Task prompt »
Print every entry below exactly, leaving out the pictures.

(Collected data entries)
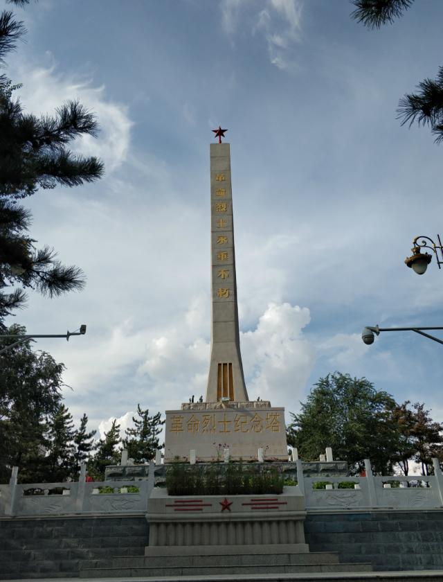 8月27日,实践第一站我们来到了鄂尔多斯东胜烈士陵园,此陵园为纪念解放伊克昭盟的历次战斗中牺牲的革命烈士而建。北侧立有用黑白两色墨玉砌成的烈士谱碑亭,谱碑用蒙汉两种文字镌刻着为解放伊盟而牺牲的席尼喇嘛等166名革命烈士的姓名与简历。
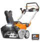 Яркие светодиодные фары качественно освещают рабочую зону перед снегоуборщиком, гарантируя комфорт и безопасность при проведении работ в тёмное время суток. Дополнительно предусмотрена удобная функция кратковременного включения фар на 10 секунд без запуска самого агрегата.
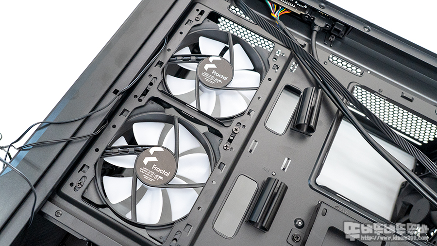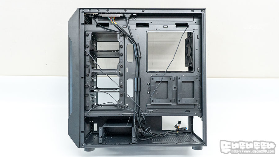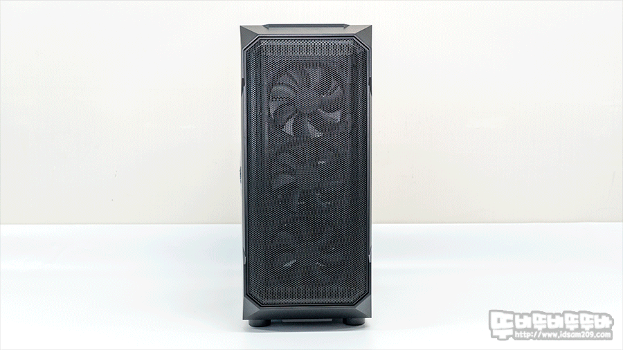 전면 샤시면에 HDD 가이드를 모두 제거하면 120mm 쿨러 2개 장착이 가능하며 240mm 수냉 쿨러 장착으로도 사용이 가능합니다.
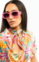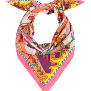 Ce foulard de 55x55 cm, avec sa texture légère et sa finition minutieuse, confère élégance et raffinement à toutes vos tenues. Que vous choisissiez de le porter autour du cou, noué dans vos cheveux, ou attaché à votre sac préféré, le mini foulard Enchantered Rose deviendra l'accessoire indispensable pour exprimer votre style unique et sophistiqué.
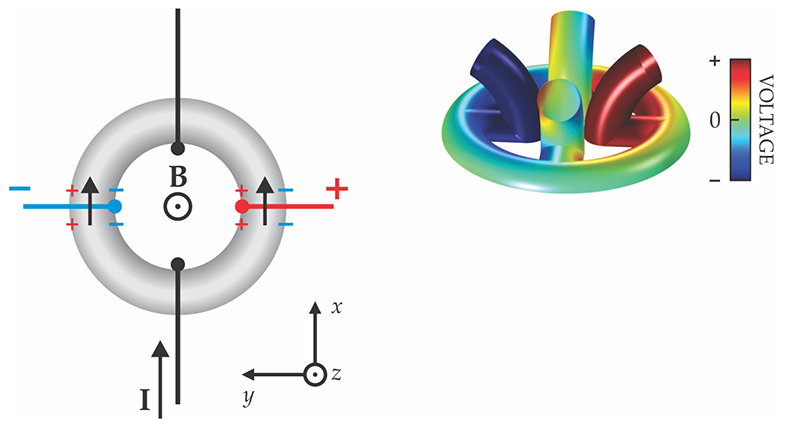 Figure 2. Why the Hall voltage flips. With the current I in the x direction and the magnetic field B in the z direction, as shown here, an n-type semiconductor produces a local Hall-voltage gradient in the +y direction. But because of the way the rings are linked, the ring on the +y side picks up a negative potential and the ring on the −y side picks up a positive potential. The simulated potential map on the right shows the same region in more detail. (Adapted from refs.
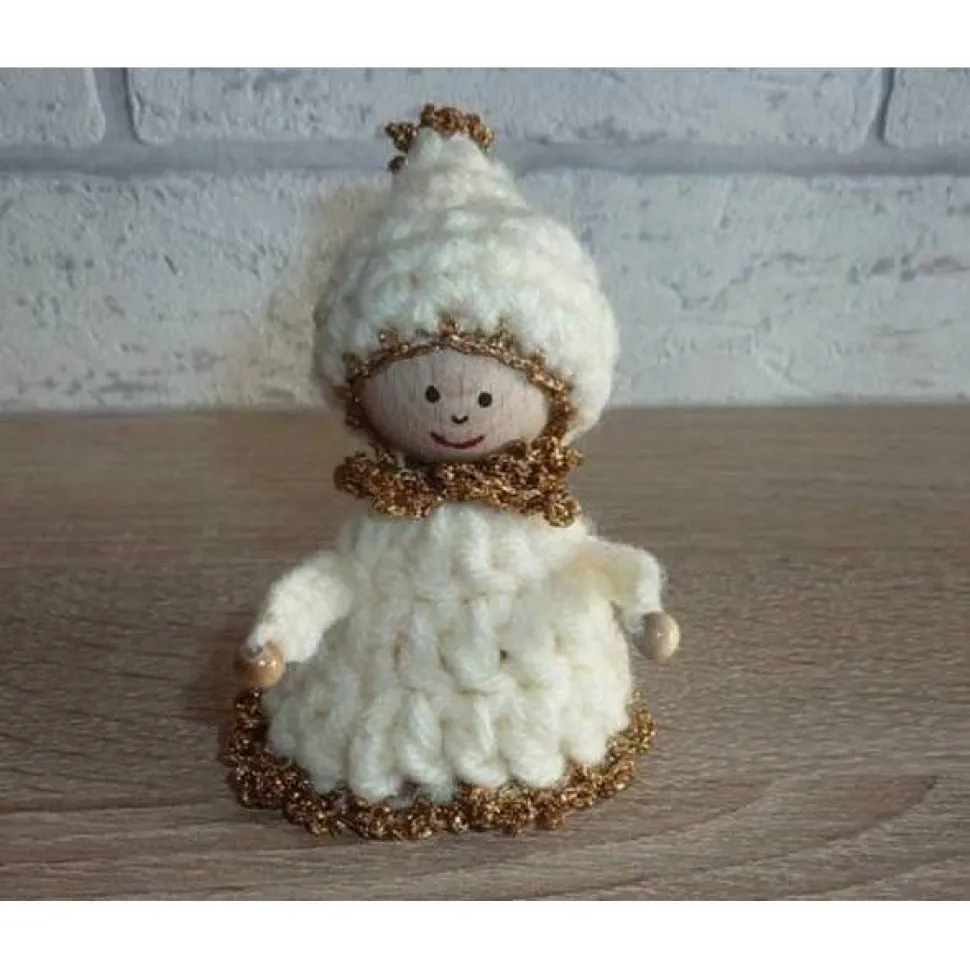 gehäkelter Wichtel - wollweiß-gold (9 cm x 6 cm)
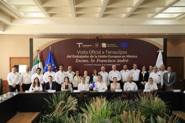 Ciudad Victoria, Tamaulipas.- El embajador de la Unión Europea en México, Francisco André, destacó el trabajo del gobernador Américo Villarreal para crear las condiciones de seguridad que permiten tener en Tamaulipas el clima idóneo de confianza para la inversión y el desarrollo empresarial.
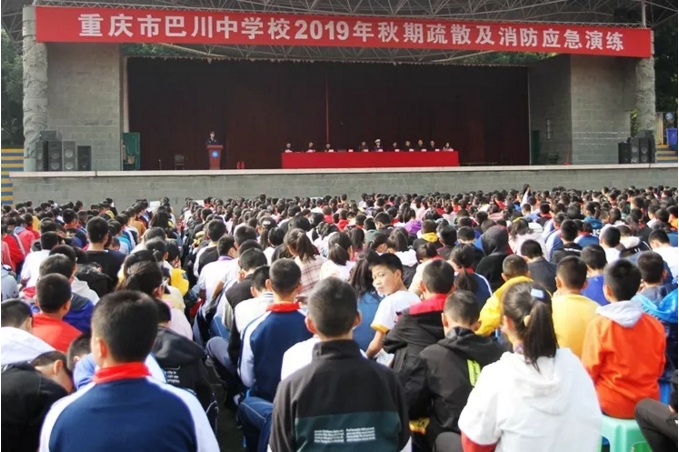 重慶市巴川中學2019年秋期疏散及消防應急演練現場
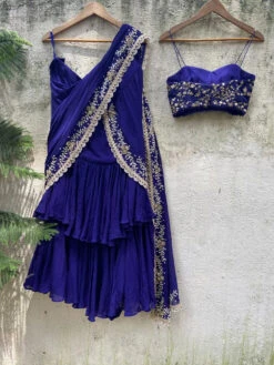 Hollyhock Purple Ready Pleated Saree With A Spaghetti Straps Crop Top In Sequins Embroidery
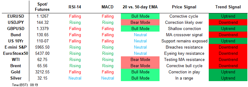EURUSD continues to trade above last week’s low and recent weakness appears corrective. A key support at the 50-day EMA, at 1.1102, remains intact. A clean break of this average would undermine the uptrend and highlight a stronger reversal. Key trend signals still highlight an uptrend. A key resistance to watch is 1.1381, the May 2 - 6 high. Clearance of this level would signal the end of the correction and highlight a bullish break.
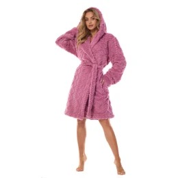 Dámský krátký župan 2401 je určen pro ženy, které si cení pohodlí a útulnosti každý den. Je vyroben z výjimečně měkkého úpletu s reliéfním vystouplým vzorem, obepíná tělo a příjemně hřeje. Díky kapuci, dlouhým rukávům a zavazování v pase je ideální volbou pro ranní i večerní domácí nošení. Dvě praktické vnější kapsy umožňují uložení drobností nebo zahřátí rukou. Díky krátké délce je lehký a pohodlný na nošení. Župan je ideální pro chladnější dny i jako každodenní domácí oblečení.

Worked solution »
 8月27日,实践第一站我们来到了鄂尔多斯东胜烈士陵园,此陵园为纪念解放伊克昭盟的历次战斗中牺牲的革命烈士而建。北侧立有用黑白两色墨玉砌成的烈士谱碑亭,谱碑用蒙汉两种文字镌刻着为解放伊盟而牺牲的席尼喇嘛等166名革命烈士的姓名与简历。
 Яркие светодиодные фары качественно освещают рабочую зону перед снегоуборщиком, гарантируя комфорт и безопасность при проведении работ в тёмное время суток. Дополнительно предусмотрена удобная функция кратковременного включения фар на 10 секунд без запуска самого агрегата.
 전면 샤시면에 HDD 가이드를 모두 제거하면 120mm 쿨러 2개 장착이 가능하며 240mm 수냉 쿨러 장착으로도 사용이 가능합니다.
 Ce foulard de 55x55 cm, avec sa texture légère et sa finition minutieuse, confère élégance et raffinement à toutes vos tenues. Que vous choisissiez de le porter autour du cou, noué dans vos cheveux, ou attaché à votre sac préféré, le mini foulard Enchantered Rose deviendra l'accessoire indispensable pour exprimer votre style unique et sophistiqué.
 Figure 2. Why the Hall voltage flips. With the current I in the x direction and the magnetic field B in the z direction, as shown here, an n-type semiconductor produces a local Hall-voltage gradient in the +y direction. But because of the way the rings are linked, the ring on the +y side picks up a negative potential and the ring on the −y side picks up a positive potential. The simulated potential map on the right shows the same region in more detail. (Adapted from refs.
 gehäkelter Wichtel - wollweiß-gold (9 cm x 6 cm)
 Ciudad Victoria, Tamaulipas.- El embajador de la Unión Europea en México, Francisco André, destacó el trabajo del gobernador Américo Villarreal para crear las condiciones de seguridad que permiten tener en Tamaulipas el clima idóneo de confianza para la inversión y el desarrollo empresarial.
 重慶市巴川中學2019年秋期疏散及消防應急演練現場
 Hollyhock Purple Ready Pleated Saree With A Spaghetti Straps Crop Top In Sequins Embroidery
EURUSD continues to trade above last week’s low and recent weakness appears corrective. A key support at the 50-day EMA, at 1.1102, remains intact. A clean break of this average would undermine the uptrend and highlight a stronger reversal. Key trend signals still highlight an uptrend. A key resistance to watch is 1.1381, the May 2 - 6 high. Clearance of this level would signal the end of the correction and highlight a bullish break.
 Dámský krátký župan 2401 je určen pro ženy, které si cení pohodlí a útulnosti každý den. Je vyroben z výjimečně měkkého úpletu s reliéfním vystouplým vzorem, obepíná tělo a příjemně hřeje. Díky kapuci, dlouhým rukávům a zavazování v pase je ideální volbou pro ranní i večerní domácí nošení. Dvě praktické vnější kapsy umožňují uložení drobností nebo zahřátí rukou. Díky krátké délce je lehký a pohodlný na nošení. Župan je ideální pro chladnější dny i jako každodenní domácí oblečení.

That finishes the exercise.